Recommended Big Kid Bed/Room Transition Products:

As for the big transition to the big kid bed and room, the new found freedom of a bed she can get in and out of is hard to resist. It has been a source of accomplishment and set backs.  For example, Friday we took a major step back during nap when I had to put Sidney in the crib just so she'd sleep but overnights are fine.  The most important thing is to make sure the room is a safe and inviting place but not too stimulating with toys and such.  Here are some other things that may help:


  • Bed Rail: Not even 2 hours after putting the bed in the room, Sidney managed to fall off of it and hit her mouth on the night table.  I think she might have been bouncing on the bed but never the less, it cemented my insistence that we have a bed rail.  This one can actually unlatch and slide under the mattress for easy sheet changing or when you just don't want the rail up.





       
  • Blackout Shades Roller shades: From the beginning we have endeavored to make Sidney's sleeping quarters as dark as possible to promote good sleep. You can get roller shades anywhere but Home Depot can cut to your specifications and they are not that expensive. 
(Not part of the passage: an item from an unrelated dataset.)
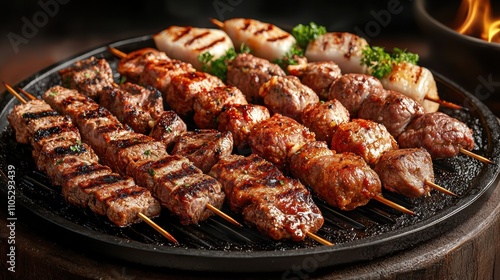 Sizzling barbecue feast grilled skewers and meats outdoor setting food photography culinary art

  • Sleep/Nap Timer: This plush owl in pajamas, known to us as "Owly", helps kids know when it's time to get out of bed. There are many products on the market designed to do this but this one seems to be the simplest: his face turns green at the preset time that you specify and it can be used as a nap timer as well. He also plays music and can light up.

  • Hampers: They're not just for dirty clothes any more.  Given Sidney's vast collection of stuffed animals and her desire to access them, pop-up hampers are a great way to keep them off the floor while allowing her access on her level.  Also great for storing dress-up clothes, blankets, pillows and other soft play items.
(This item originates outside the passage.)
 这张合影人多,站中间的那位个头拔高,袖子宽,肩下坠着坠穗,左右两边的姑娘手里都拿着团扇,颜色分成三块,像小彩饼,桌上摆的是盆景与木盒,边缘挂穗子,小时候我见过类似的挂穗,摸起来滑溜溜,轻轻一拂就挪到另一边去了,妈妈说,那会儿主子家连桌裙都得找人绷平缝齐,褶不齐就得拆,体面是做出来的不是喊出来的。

  • Closet Organization: Storables has a well-designed, affordable modular custom closet system that can be easily created in-store with a few measurements and option selections. Ken is a big fan of this system and installed these in both kids' closets. Makes the most out of the space.  

  • Bedding/Valances:  Just in case you can't get enough purple and pink butterflies.  This set is nice because all of it is there and coordinated--if you and your kid find that important.
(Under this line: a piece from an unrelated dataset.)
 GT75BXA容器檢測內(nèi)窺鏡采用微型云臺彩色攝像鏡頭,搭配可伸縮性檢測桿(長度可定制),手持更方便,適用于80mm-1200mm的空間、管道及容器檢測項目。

  • Big Kid Bed: There are many different ways you can go with this.  If you don't need your crib immediately and it can transform into a toddler bed, that's a nice way to go.  Also, there are toddler beds that are the intermediate step between a crib and twin bed.  Of course, you can put a twin mattress on the floor, buy the whole twin bed with box spring set or split the difference height-wise with a twin mattress and a Bunkie Board (instead of a box spring) plus a Metal Frame.  We went for the last option since the twin mattress would be something she could use until high school but the box spring put the height of the bed a little too high for her to get into and out of without death-defying feats. 
 
  • Mattress Pad: All of the beds in this house have them, because you never know.


Hopefully this is helpful to fellow parents to compile all in one place.  If other seasoned parents have other helpful suggestions, please feel free to comment.   And Woohoo! to accomplishing big kid milestones.